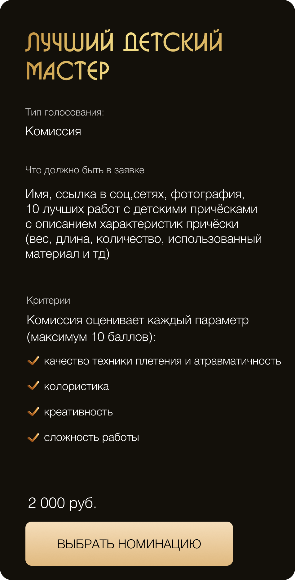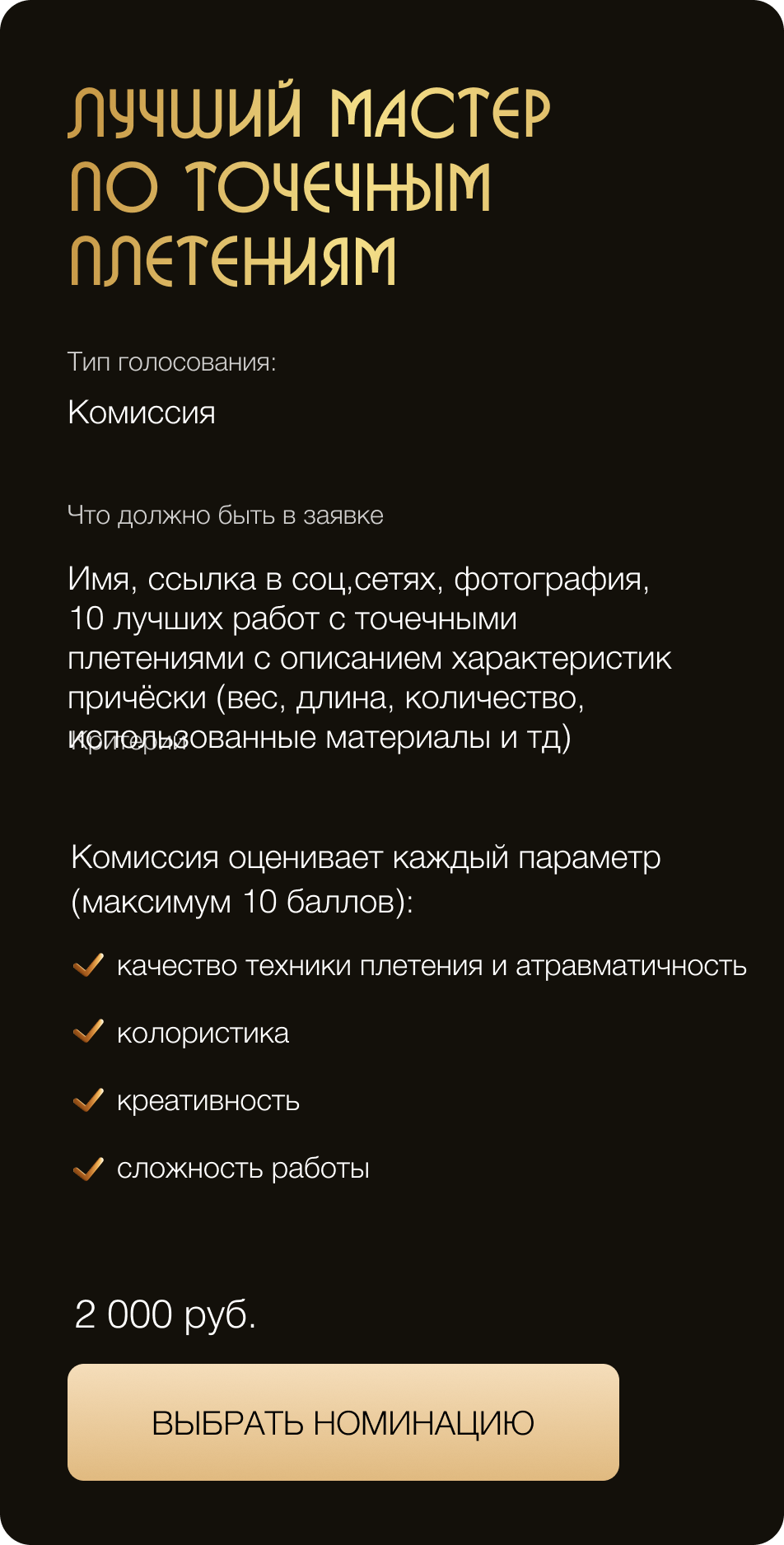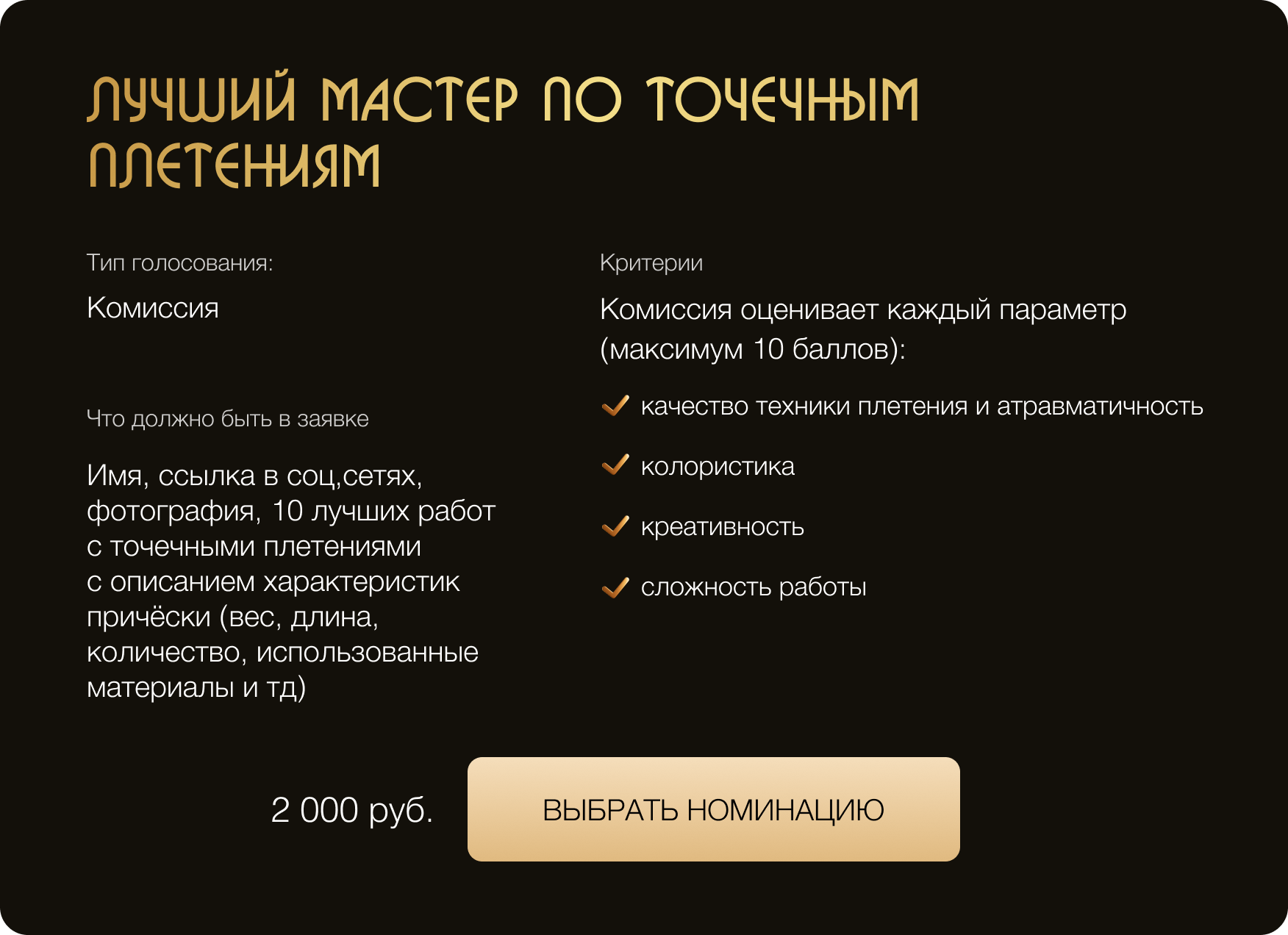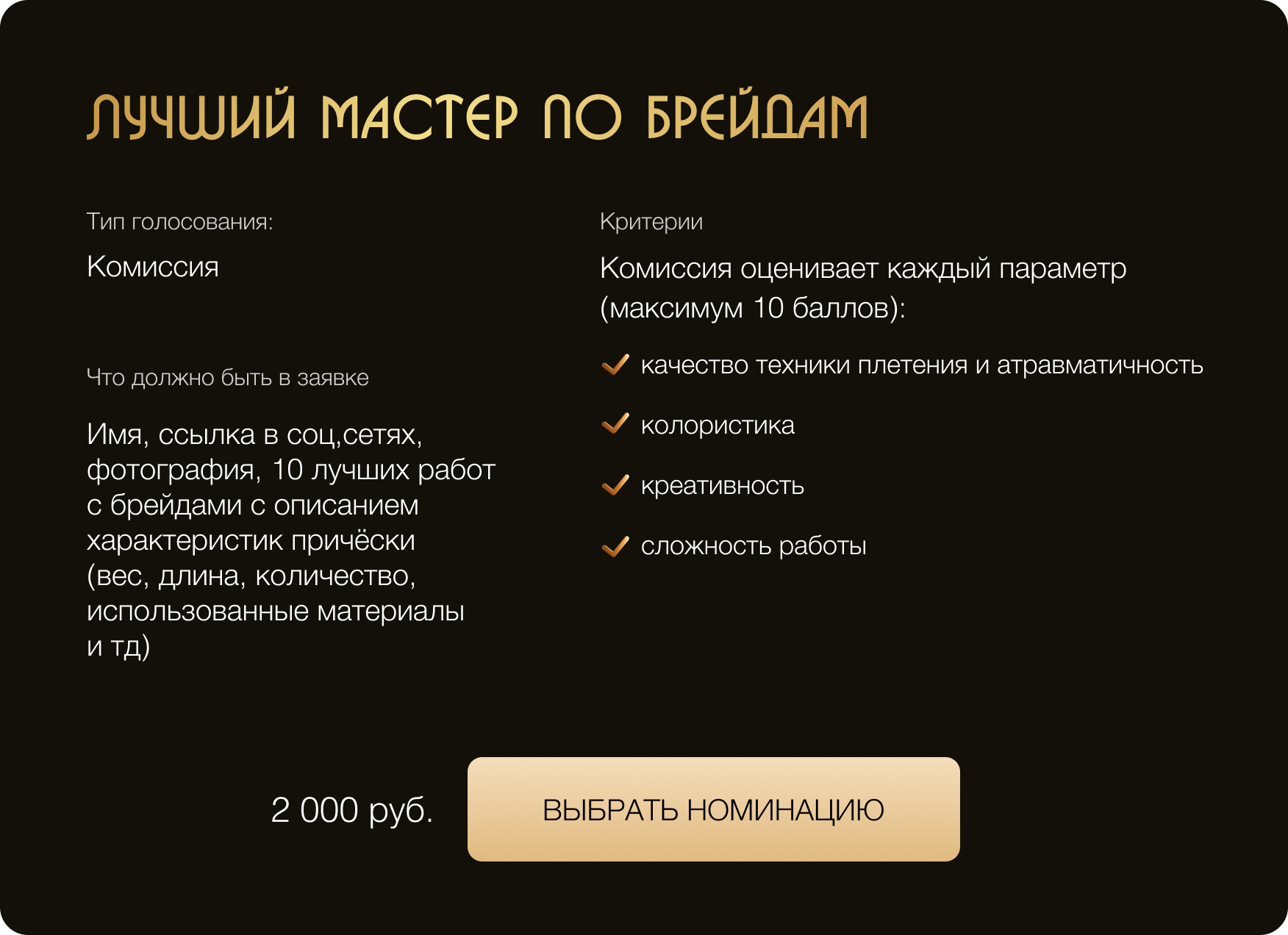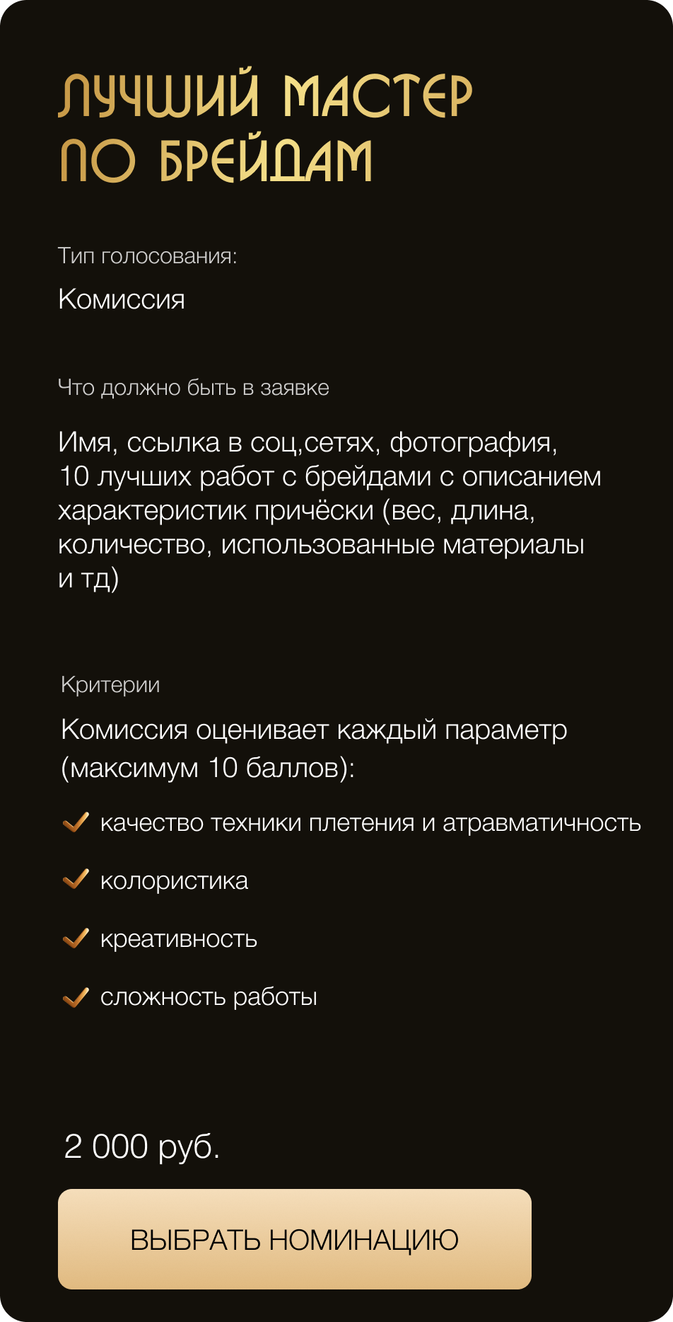Премия создана с целью выявить «‎лучших из лучших»‎ среди мастеров разной квалификации и опыта (от начинающих до гуру мастеров), познакомить участников с профессиональным мнением коллег и последними достижениями индустрии брейдинга, а также привлечь внимание клиентов.
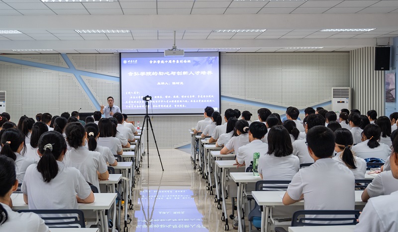 张斌在主持总结中勉励同学们坚守含弘学院的办学初心,立足祖国需要,树立高远目标,不断砥砺品行,脚踏实地,刻苦求学,以努力成为拔尖创新人才而不断奋斗。
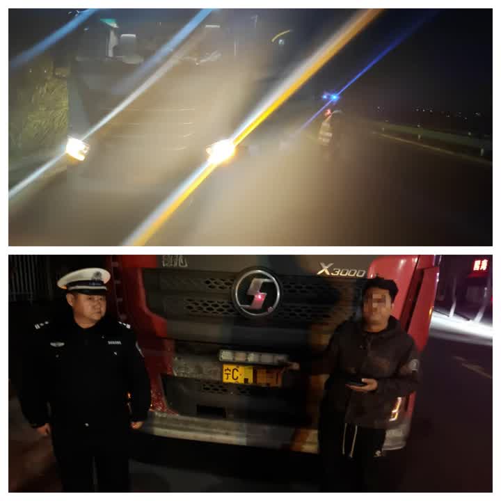 近日,吳忠交警交管二大隊(duì)開展夜間巡邏時(shí),突然看到一道刺眼的亮光襲來,晃得人睜不開眼。定睛一看,對(duì)面駛來了一輛大貨車。在強(qiáng)光照射下,肉眼無法看清該車號(hào)牌,引起了民輔警的注意,立即示意駕駛員靠邊停車接受檢查。
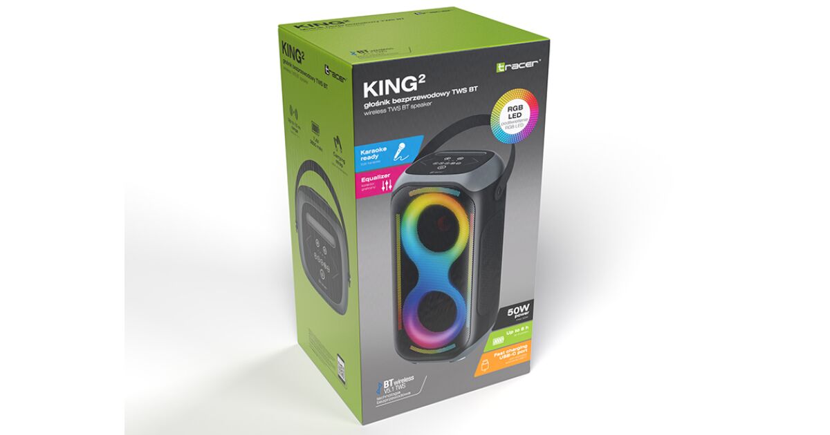 TRACER Poweraudio King 2 BT TWS je moćan, prijenosni zvučnik, savršen za zabave, druženja i karaoke večeri. Uživaj u bežičnoj slobodi, impresivnom zvuku i spektakularnim RGB svjetlosnim efektima!
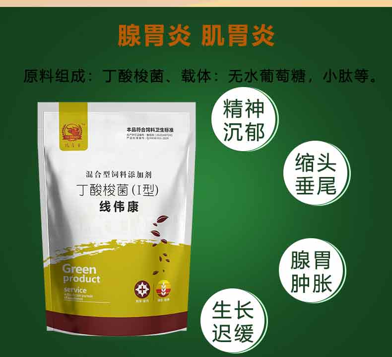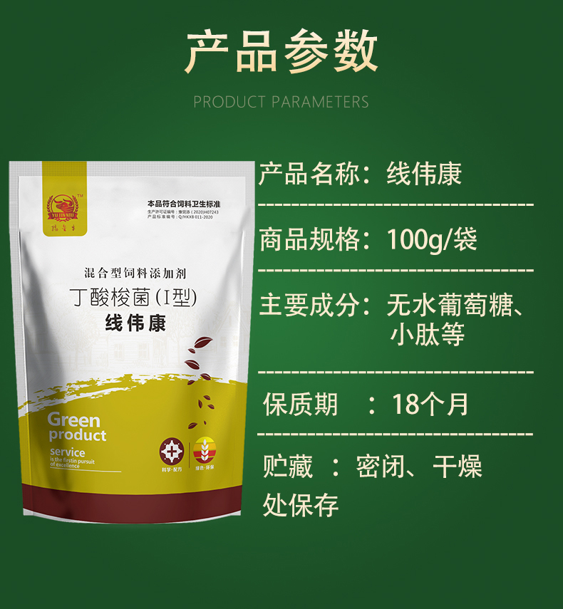 【原料组成】丁酸梭菌、载体:无水葡萄糖 小肽等。
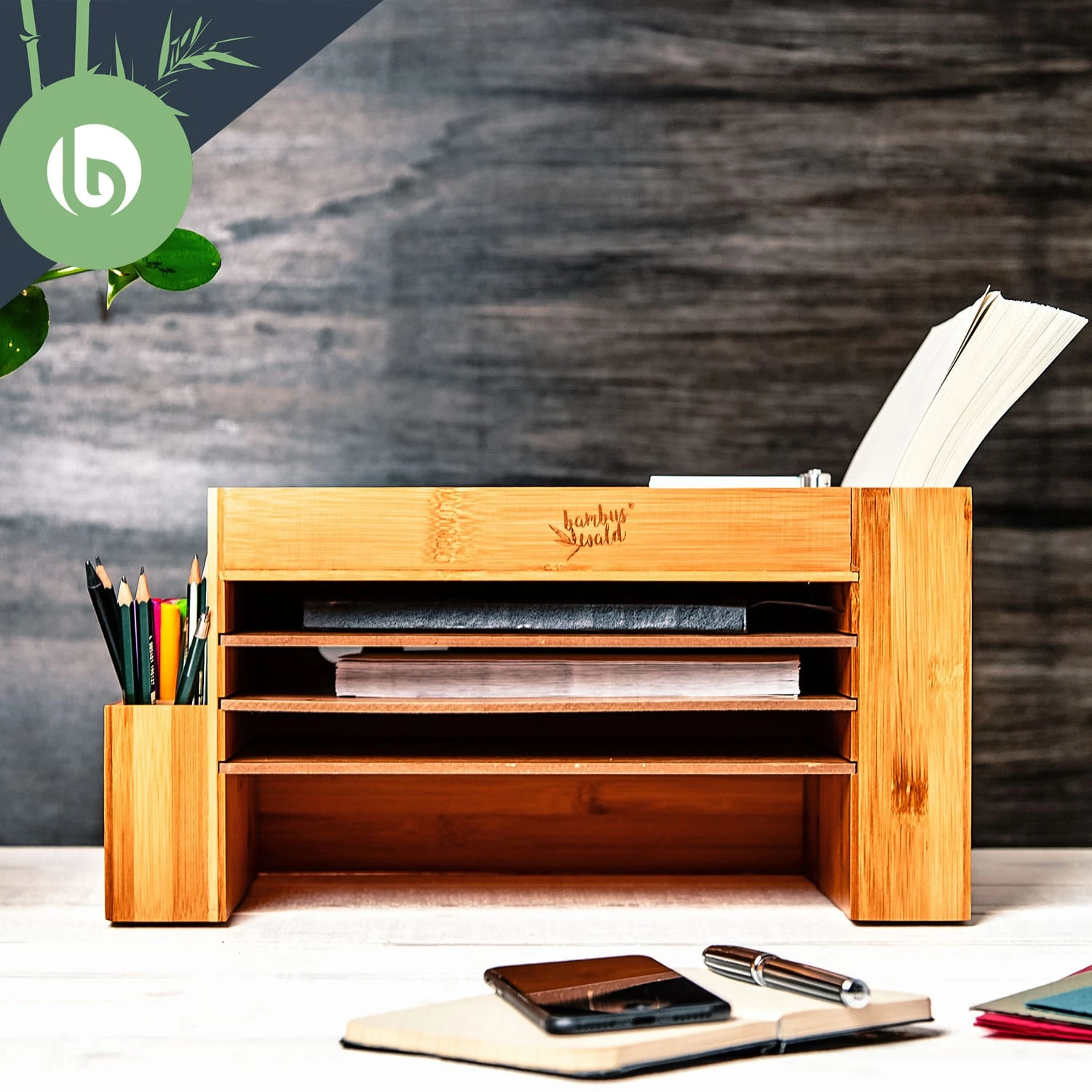 Dabei kann der Schreibtischorganizer mit vielen Fächern von blumfeldt noch mehr als nur Ordnung schaffen: Er ist ein moderner Hingucker und bringt natürlichen Glanz ins Büro. Durch die Herstellung aus reinem Bambus ist die Schreibtischbox zeitlos schön und nachhaltig.
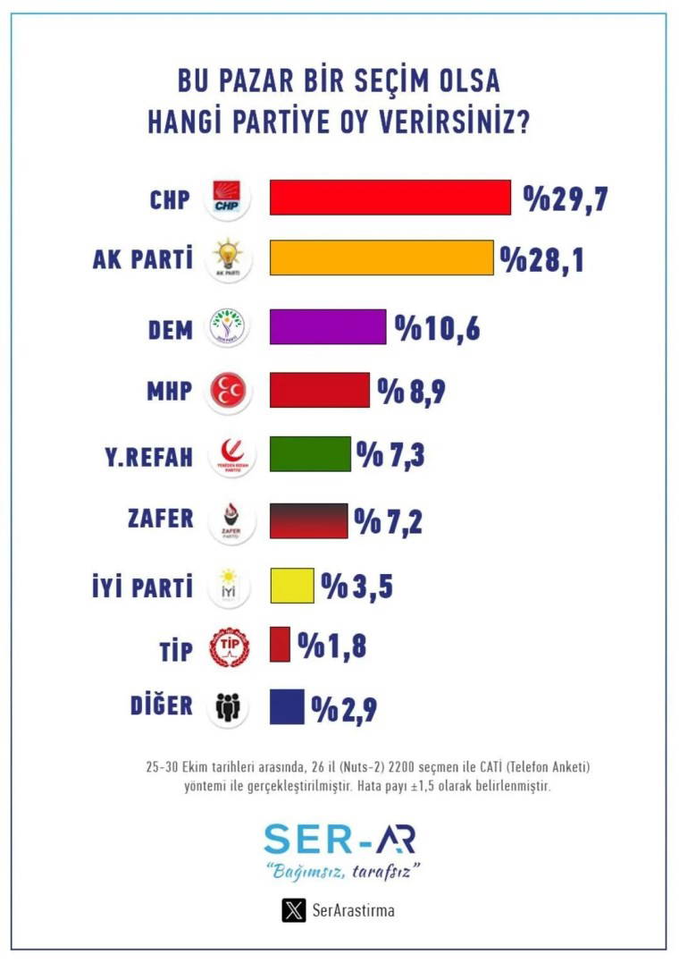Ankete sonuçlarına göre; CHP yüzde 29,7 AKP yüzde 28,1 oy alıyor.
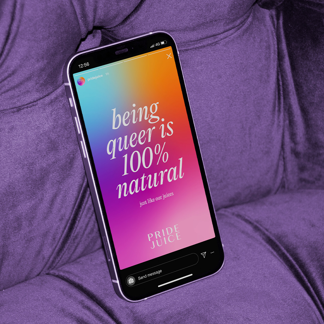 Met het concept ‘Tasty by Nature’ laten we zien hoe lekker en verrassend de natuur is. En vertellen we dat queer zijn, zoals de juice, ook 100% natuurlijk is. Maar hoewel dit in de ‘stad’ vanzelfsprekender lijkt te zijn dan vroeger, merkt de queer community op het platteland nog vaker dat dit niet door iedereen wordt geaccepteert. Om écht impact te maken, stelden we daarom met onze impactstrategie voor dat een deel van de opbrengsten van Pride Juice gaat naar organisaties die zich inzetten voor queer jongeren op het platteland.
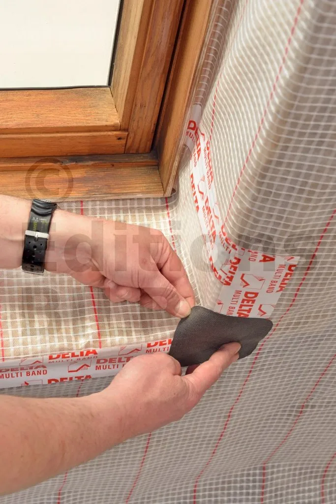 2. Le collage de DELTA®-FLEXX BAND nécessite l’emploi du primer DELTA®-PREN lorsque DELTA®-FLEXX BAND est utilisé comme support de plâtre, humidifier le géotextile. Fixer mécaniquement en quinconce tous les 10 cm.
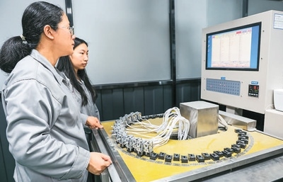 加強(qiáng)食品安全監(jiān)管,為冷鏈設(shè)備制造企業(yè)帶來(lái)了發(fā)展機(jī)遇。圖為西科冷鏈江門制造基地的產(chǎn)品實(shí)驗(yàn)室工程師在進(jìn)行電子元件耐用性測(cè)試。
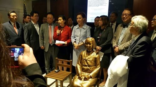 メン議員も「一人の女性として慰安婦問題の痛みに共感する」として「今日、少女像展示を基点に彼女たちの痛みを永遠に記憶していこう」と話した。
·····
Prompt: If a line comes after the line with "Ankete sonuçlarına göre;", it stays out; print exactly every line from the start of the entries up to and including that line, but no pictures.

Problem solution:
Премия создана с целью выявить «‎лучших из лучших»‎ среди мастеров разной квалификации и опыта (от начинающих до гуру мастеров), познакомить участников с профессиональным мнением коллег и последними достижениями индустрии брейдинга, а также привлечь внимание клиентов.
 张斌在主持总结中勉励同学们坚守含弘学院的办学初心,立足祖国需要,树立高远目标,不断砥砺品行,脚踏实地,刻苦求学,以努力成为拔尖创新人才而不断奋斗。
 近日,吳忠交警交管二大隊(duì)開展夜間巡邏時(shí),突然看到一道刺眼的亮光襲來,晃得人睜不開眼。定睛一看,對(duì)面駛來了一輛大貨車。在強(qiáng)光照射下,肉眼無法看清該車號(hào)牌,引起了民輔警的注意,立即示意駕駛員靠邊停車接受檢查。
 TRACER Poweraudio King 2 BT TWS je moćan, prijenosni zvučnik, savršen za zabave, druženja i karaoke večeri. Uživaj u bežičnoj slobodi, impresivnom zvuku i spektakularnim RGB svjetlosnim efektima!
 【原料组成】丁酸梭菌、载体:无水葡萄糖 小肽等。
 Dabei kann der Schreibtischorganizer mit vielen Fächern von blumfeldt noch mehr als nur Ordnung schaffen: Er ist ein moderner Hingucker und bringt natürlichen Glanz ins Büro. Durch die Herstellung aus reinem Bambus ist die Schreibtischbox zeitlos schön und nachhaltig.
Ankete sonuçlarına göre; CHP yüzde 29,7 AKP yüzde 28,1 oy alıyor.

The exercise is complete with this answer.